Because the pictures are not wanted, give back only the exact text of every entry below.

::::::::

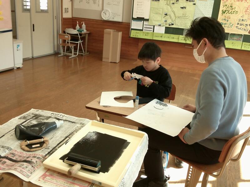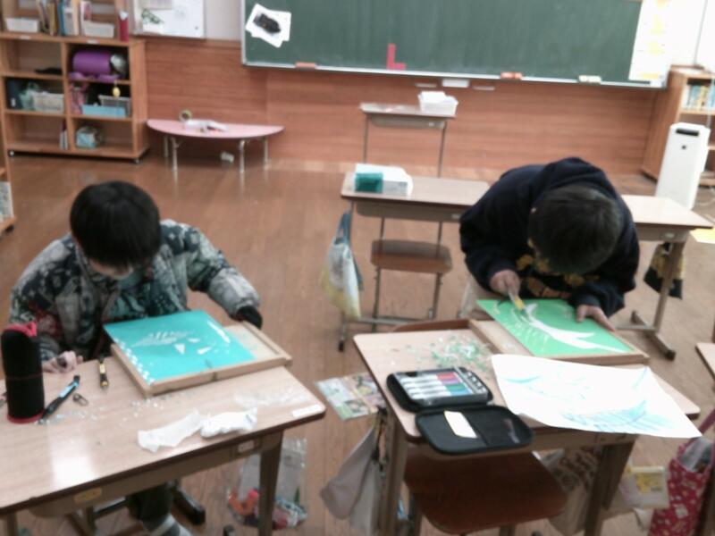 2・3年生は紙版画です。はさみを器用に使って、台紙に重ね貼りしているところです。一方、4年生以上は木版画。特に4年生は生まれて初めての彫刻刀ということで、慎重に彫り進めていました。5・6年生は彫刻刀の扱いにもずいぶん慣れてきて、すでにカラフルな色を使って刷る作業に入っている子もいました。できあがりが、とても楽しみです。
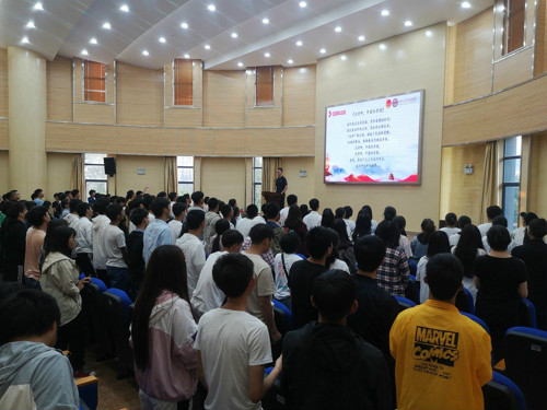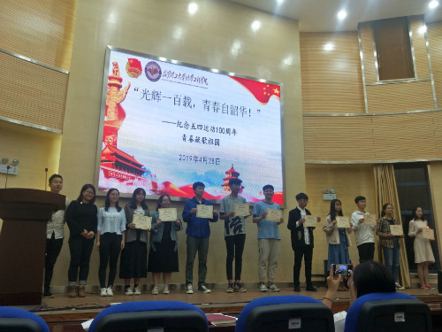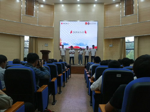 团委、学生会联合院青年志愿者协会在化工楼100报告厅举办了“光辉一百载,青春自韶华”五四青春献歌祖国活动,本次大会有学工办主任袁敬老师、团委李凯宇老师、谭宏雪老师、17级辅导员杨欢老师、18级辅导员罗晓菲老师和现场一百多位观众同学参加,并由院团委、学生会文艺部部委林雨主持。
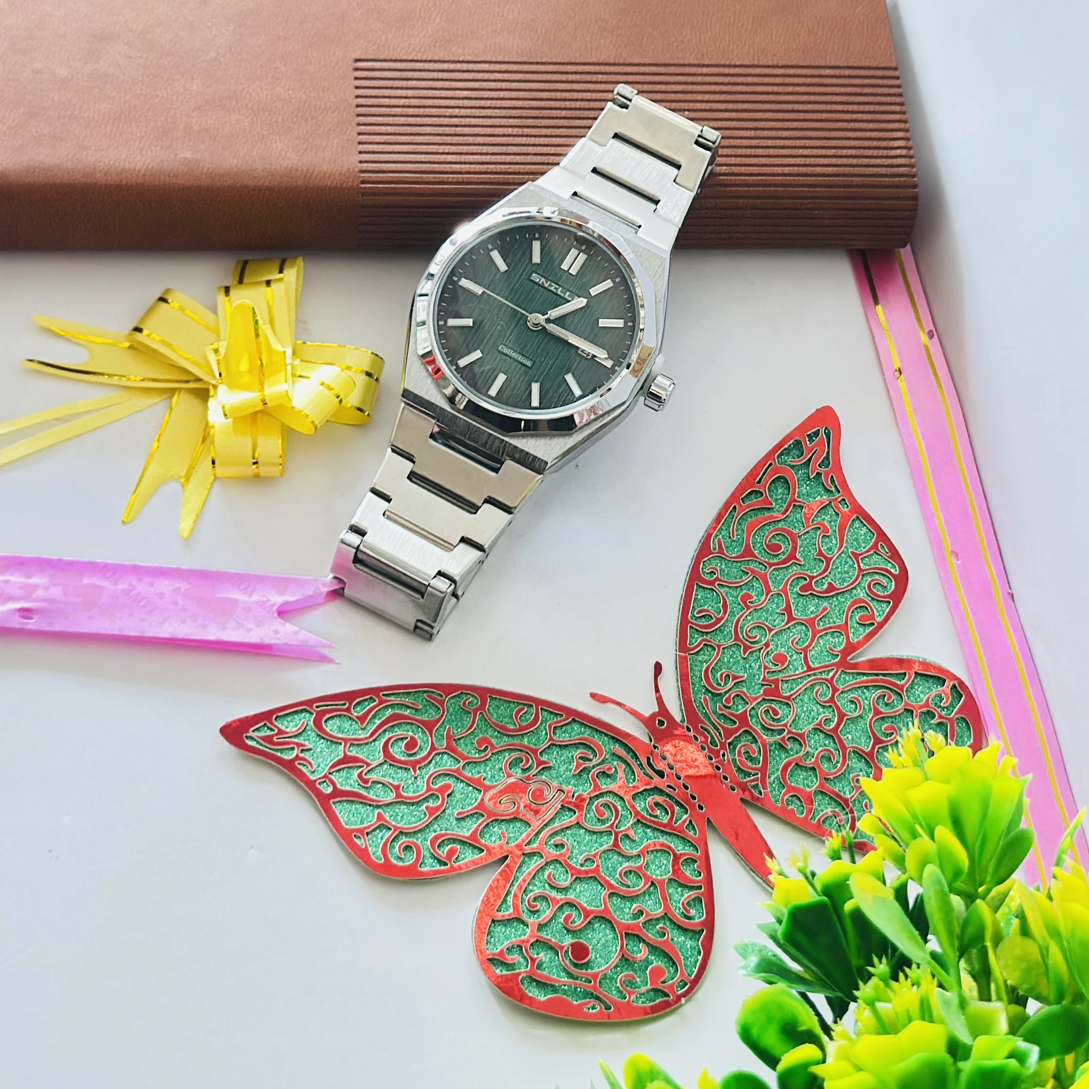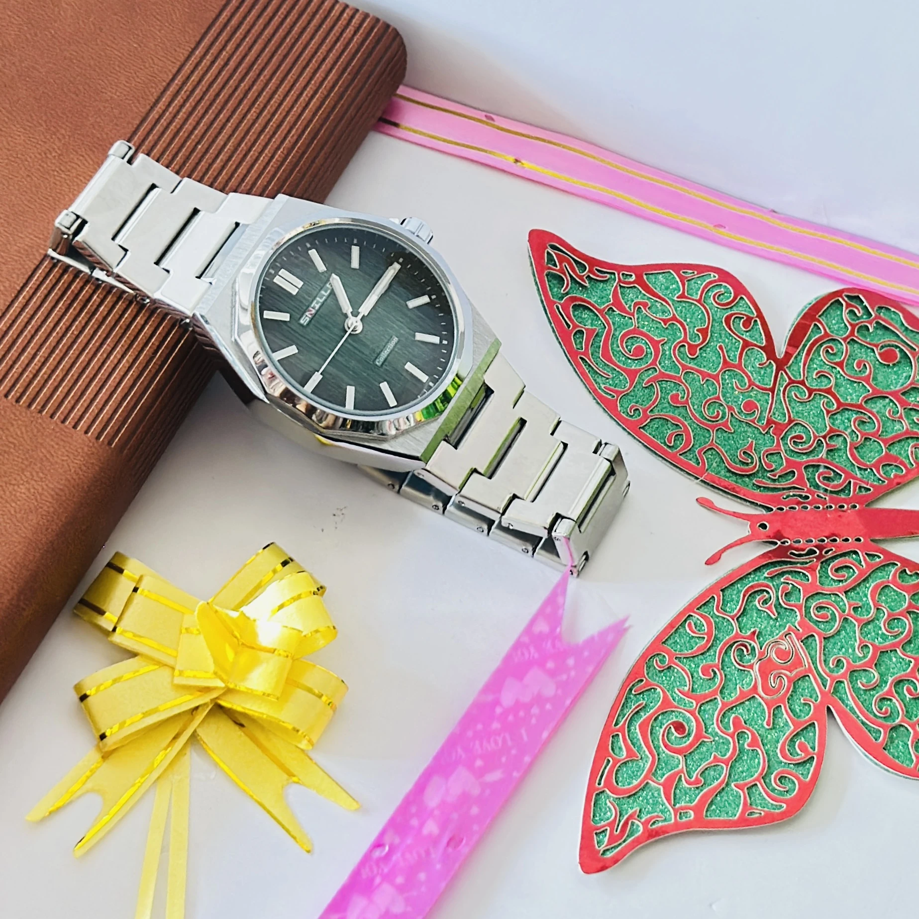 👉 Theme :- D1 Milano Men Code Automatic with a green analog dial.
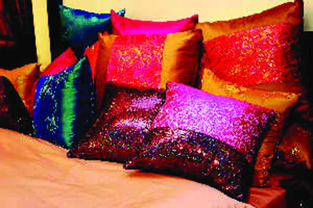 ▲一条艳丽轻柔的纱幔、几个色彩妩媚的泰丝靠垫,累了,慵懒地倚在泰式靠枕上舒松筋骨。泰丝的流光溢彩、细腻柔滑,在居室随意放置后漫不经心的点缀作用是成就东南亚风情最不可缺少的道具。
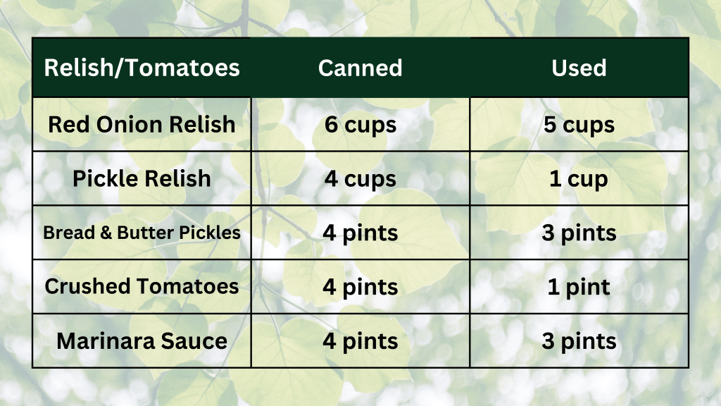 I really enjoy the red onion relish and am planning to make more of that soon. The pickle relish is good but I haven’t been going through it very fast, so I might need to go down to 4oz jars for that in the future. The bread and butter pickles are very good and I’m down to my last jar, so I’ll be making those again soon.
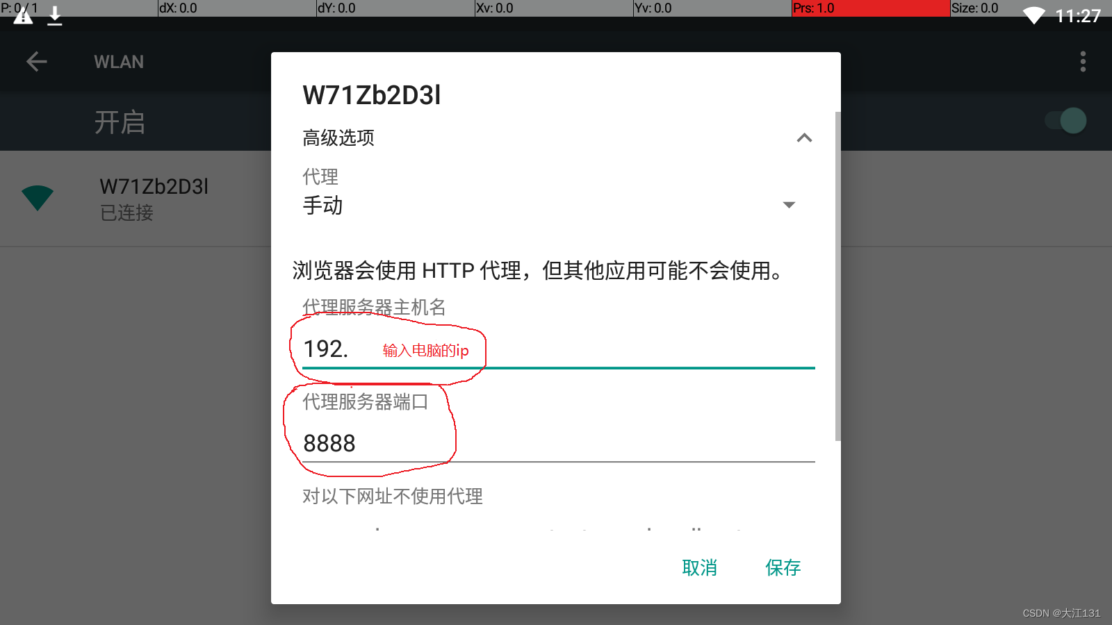 打开“设置” → 无线和网络 → WLAN → 点击“连接的wifi”3秒 → 打开“修改网络” → 在“代理服务器”中输入“查看的电脑IP” → 在“代理服务器端口”中输入“8888” → 保存
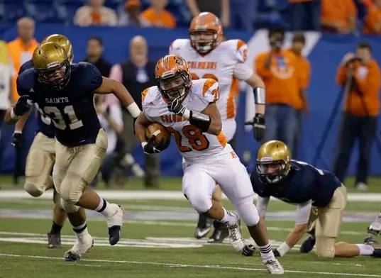 Columbus East 28 Fort Wayne Bishop Dwenger 27 – On Saturday Nov. 30, 2013 the 4A state title game at Lucas Oil Stadium was a real barn-burner with a couple of wild momentum swings. This game also featured a pair of pretty good offenses that combined for over 860 yards. Markell Jones led the way for Columbus East with 197 yards rushing and 2 touchdowns. Jones went on to Purdue, rushing for over 2,500 yards and scoring a total of 22 touchdowns in his career for the Boilermakers. The game started out all East as the Olympians built a 21-0 first half lead and appeared to be in control. But a funny thing happened on the way to the championship for the Olympians. The Saints of Bishop Dwenger came to play too.
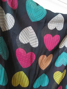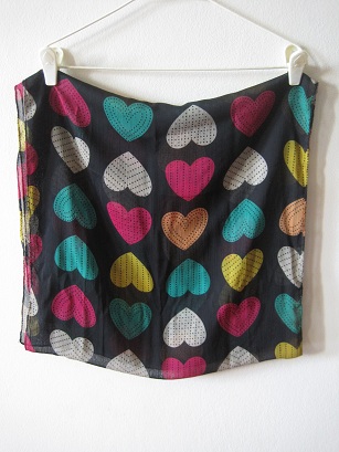 S002. 150 b. ผ้าพันคอชีฟองสีดำ ลายหัวใจหลากสี (ขนาดสี่เหลี่ยมผืนผ้า 45*175 cm.)

::::::::

> **RESULT**
 2・3年生は紙版画です。はさみを器用に使って、台紙に重ね貼りしているところです。一方、4年生以上は木版画。特に4年生は生まれて初めての彫刻刀ということで、慎重に彫り進めていました。5・6年生は彫刻刀の扱いにもずいぶん慣れてきて、すでにカラフルな色を使って刷る作業に入っている子もいました。できあがりが、とても楽しみです。
 团委、学生会联合院青年志愿者协会在化工楼100报告厅举办了“光辉一百载,青春自韶华”五四青春献歌祖国活动,本次大会有学工办主任袁敬老师、团委李凯宇老师、谭宏雪老师、17级辅导员杨欢老师、18级辅导员罗晓菲老师和现场一百多位观众同学参加,并由院团委、学生会文艺部部委林雨主持。
 👉 Theme :- D1 Milano Men Code Automatic with a green analog dial.
 ▲一条艳丽轻柔的纱幔、几个色彩妩媚的泰丝靠垫,累了,慵懒地倚在泰式靠枕上舒松筋骨。泰丝的流光溢彩、细腻柔滑,在居室随意放置后漫不经心的点缀作用是成就东南亚风情最不可缺少的道具。
 I really enjoy the red onion relish and am planning to make more of that soon. The pickle relish is good but I haven’t been going through it very fast, so I might need to go down to 4oz jars for that in the future. The bread and butter pickles are very good and I’m down to my last jar, so I’ll be making those again soon.
 打开“设置” → 无线和网络 → WLAN → 点击“连接的wifi”3秒 → 打开“修改网络” → 在“代理服务器”中输入“查看的电脑IP” → 在“代理服务器端口”中输入“8888” → 保存
 Columbus East 28 Fort Wayne Bishop Dwenger 27 – On Saturday Nov. 30, 2013 the 4A state title game at Lucas Oil Stadium was a real barn-burner with a couple of wild momentum swings. This game also featured a pair of pretty good offenses that combined for over 860 yards. Markell Jones led the way for Columbus East with 197 yards rushing and 2 touchdowns. Jones went on to Purdue, rushing for over 2,500 yards and scoring a total of 22 touchdowns in his career for the Boilermakers. The game started out all East as the Olympians built a 21-0 first half lead and appeared to be in control. But a funny thing happened on the way to the championship for the Olympians. The Saints of Bishop Dwenger came to play too.
 S002. 150 b. ผ้าพันคอชีฟองสีดำ ลายหัวใจหลากสี (ขนาดสี่เหลี่ยมผืนผ้า 45*175 cm.)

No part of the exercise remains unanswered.